▸ **WHAT THE TASK REQUIRES**
Each record below needs to be reproduced precisely, though not its pictures.

[Records drawn from a dataset]

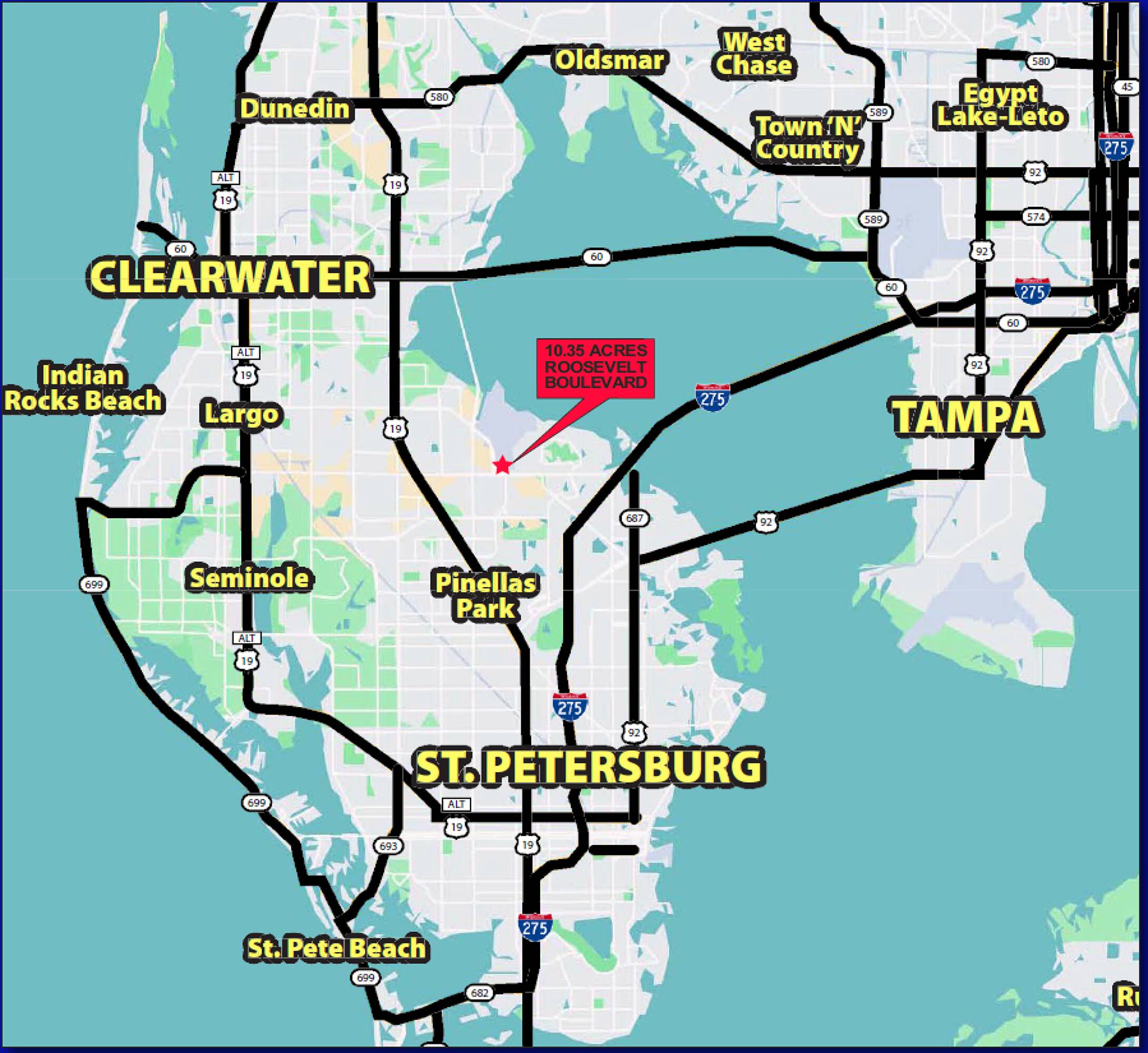 This property features: 10.35 acre MOL net usable industrial site in the highly desirable "Gateway" submarket of Pinellas County, FL.; Major road frontage on Roosevelt Boulevard & Ulmerton Road.; Excellent location: just 2.5 miles from Interstate 275/Howard Frankland Bridge and US Highway 19 North.
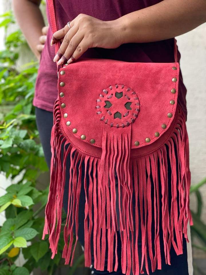 Leather Sling Bag Suede Leather Fringe Handbag Stylish Bags Unique Satchel Bag
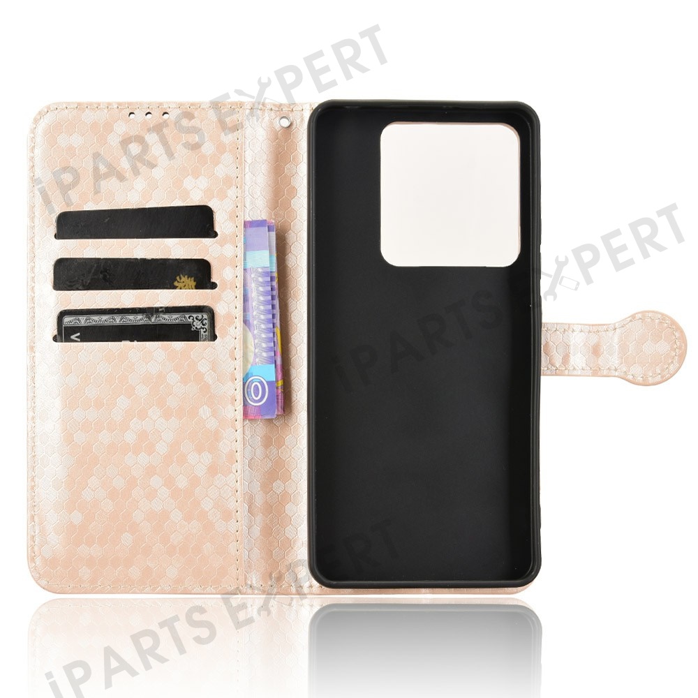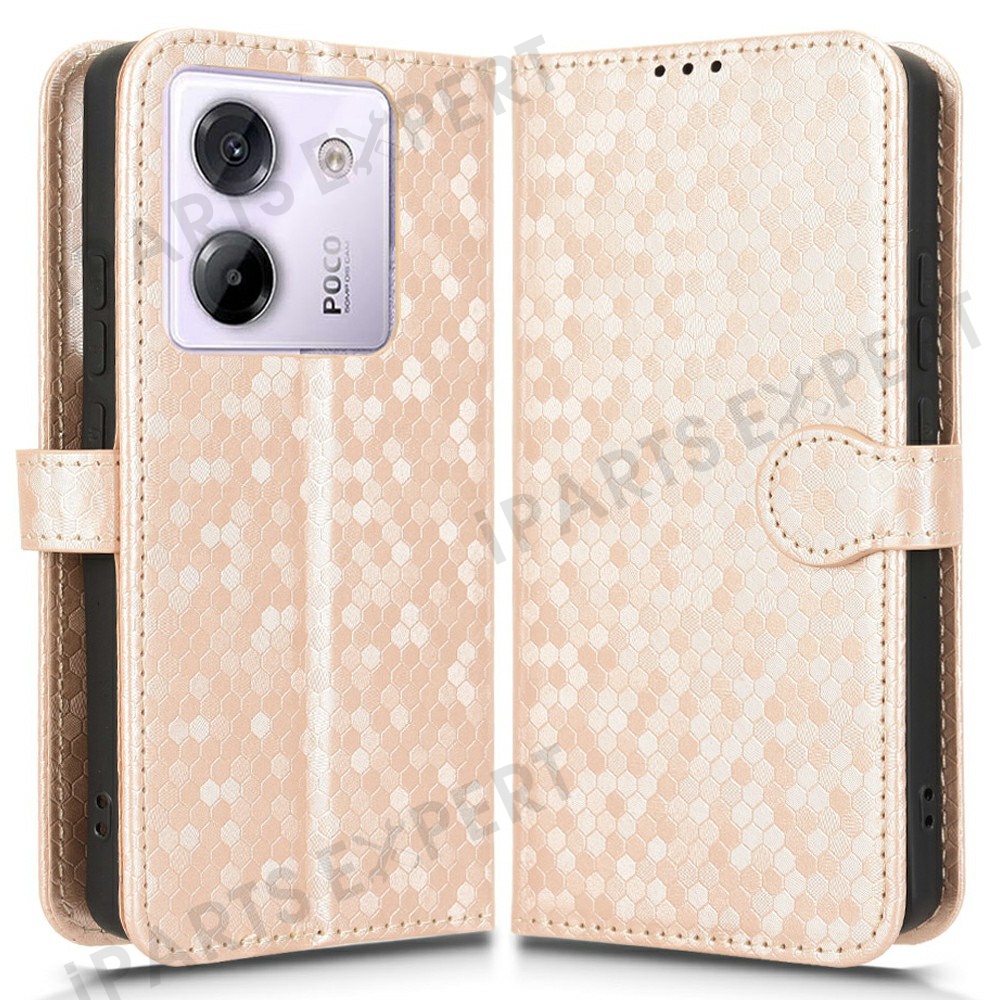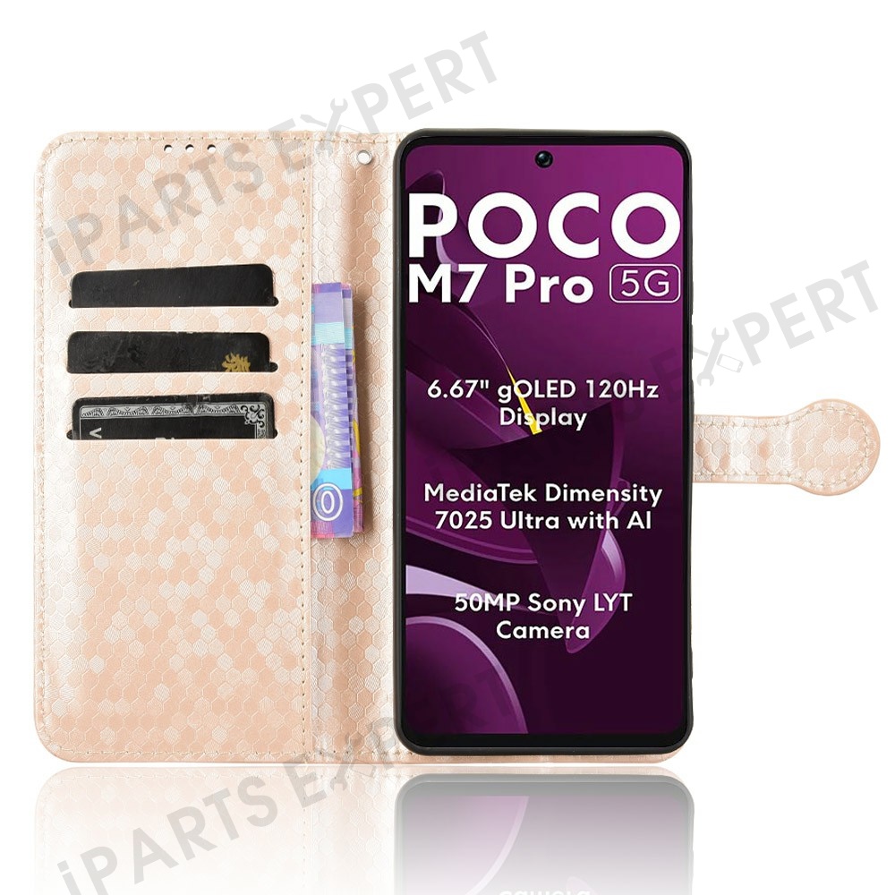 For Xiaomi Poco M7 Pro 5G / Redmi Note 14 5G Wallet Case Dot Pattern Imprint PU Leather Phone Cover - Rose Gold
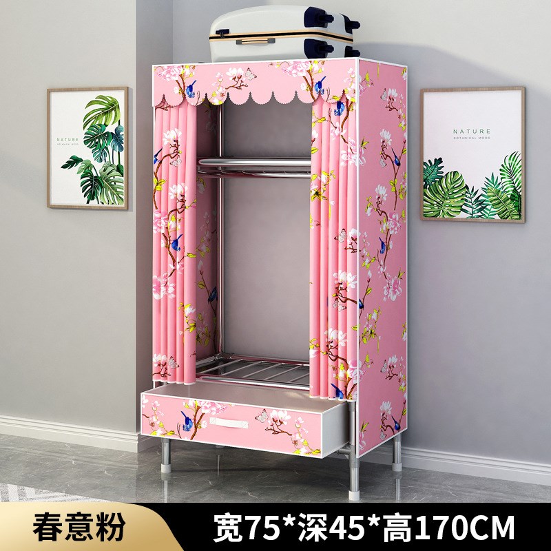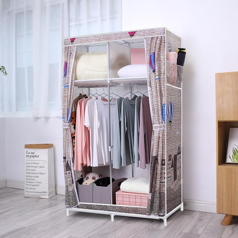 简易布衣柜全钢架家用钢管加厚加粗出租房用收纳牛津布卧室挂衣架
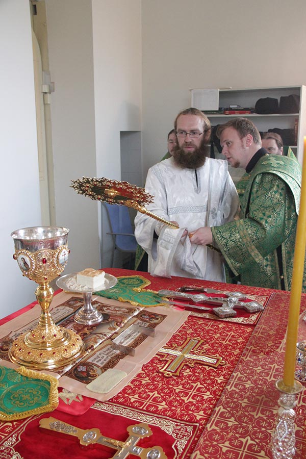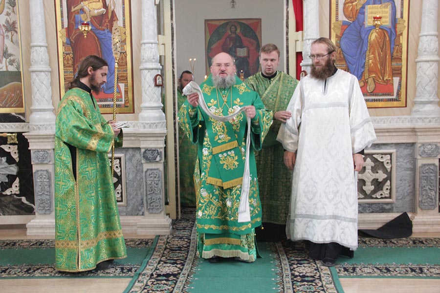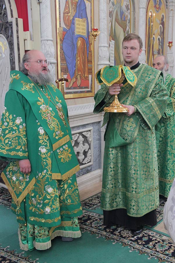 Его Преосвященству сослужили настоятель монастыря — игумен Михаил (Семенов) и братия обители в священном сане. В сан диакона к Свято-Успенскому кафедральному собору города Козельска был рукоположен студент пятого курса Калужской духовной семинарии Димитрий Лутков.
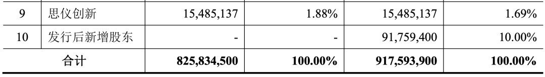 本次发行前,思仪科技总股本为825,834,500股。本次发行股数不低于发行后总股本的10%,发行股数不超过91,759,400股。若本次发行股份91,759,400股,发行前后公司的股本结构如下:
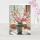 Um buquê florescente de cereja cor-de-rosa num vaso vintage por uma solarenga janela de uma fazenda. Todo o texto pode ser alterado.
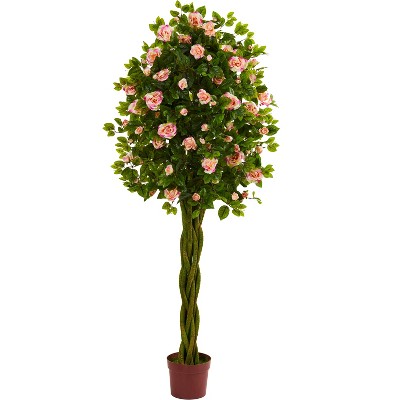 Nearly Natural 6-ft Rose Artificial Tree with Woven Trunk
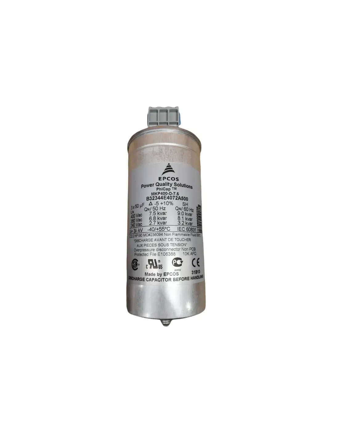 Condensateur Epcos 111665005 phicap sig 400 V 50//60 Hz - 7,5//9 kvar triphasé b32344e4072a500b

▸ **SOLUTION**
 This property features: 10.35 acre MOL net usable industrial site in the highly desirable "Gateway" submarket of Pinellas County, FL.; Major road frontage on Roosevelt Boulevard & Ulmerton Road.; Excellent location: just 2.5 miles from Interstate 275/Howard Frankland Bridge and US Highway 19 North.
 Leather Sling Bag Suede Leather Fringe Handbag Stylish Bags Unique Satchel Bag
 For Xiaomi Poco M7 Pro 5G / Redmi Note 14 5G Wallet Case Dot Pattern Imprint PU Leather Phone Cover - Rose Gold
 简易布衣柜全钢架家用钢管加厚加粗出租房用收纳牛津布卧室挂衣架
 Его Преосвященству сослужили настоятель монастыря — игумен Михаил (Семенов) и братия обители в священном сане. В сан диакона к Свято-Успенскому кафедральному собору города Козельска был рукоположен студент пятого курса Калужской духовной семинарии Димитрий Лутков.
 本次发行前,思仪科技总股本为825,834,500股。本次发行股数不低于发行后总股本的10%,发行股数不超过91,759,400股。若本次发行股份91,759,400股,发行前后公司的股本结构如下:
 Um buquê florescente de cereja cor-de-rosa num vaso vintage por uma solarenga janela de uma fazenda. Todo o texto pode ser alterado.
 Nearly Natural 6-ft Rose Artificial Tree with Woven Trunk
 Condensateur Epcos 111665005 phicap sig 400 V 50//60 Hz - 7,5//9 kvar triphasé b32344e4072a500b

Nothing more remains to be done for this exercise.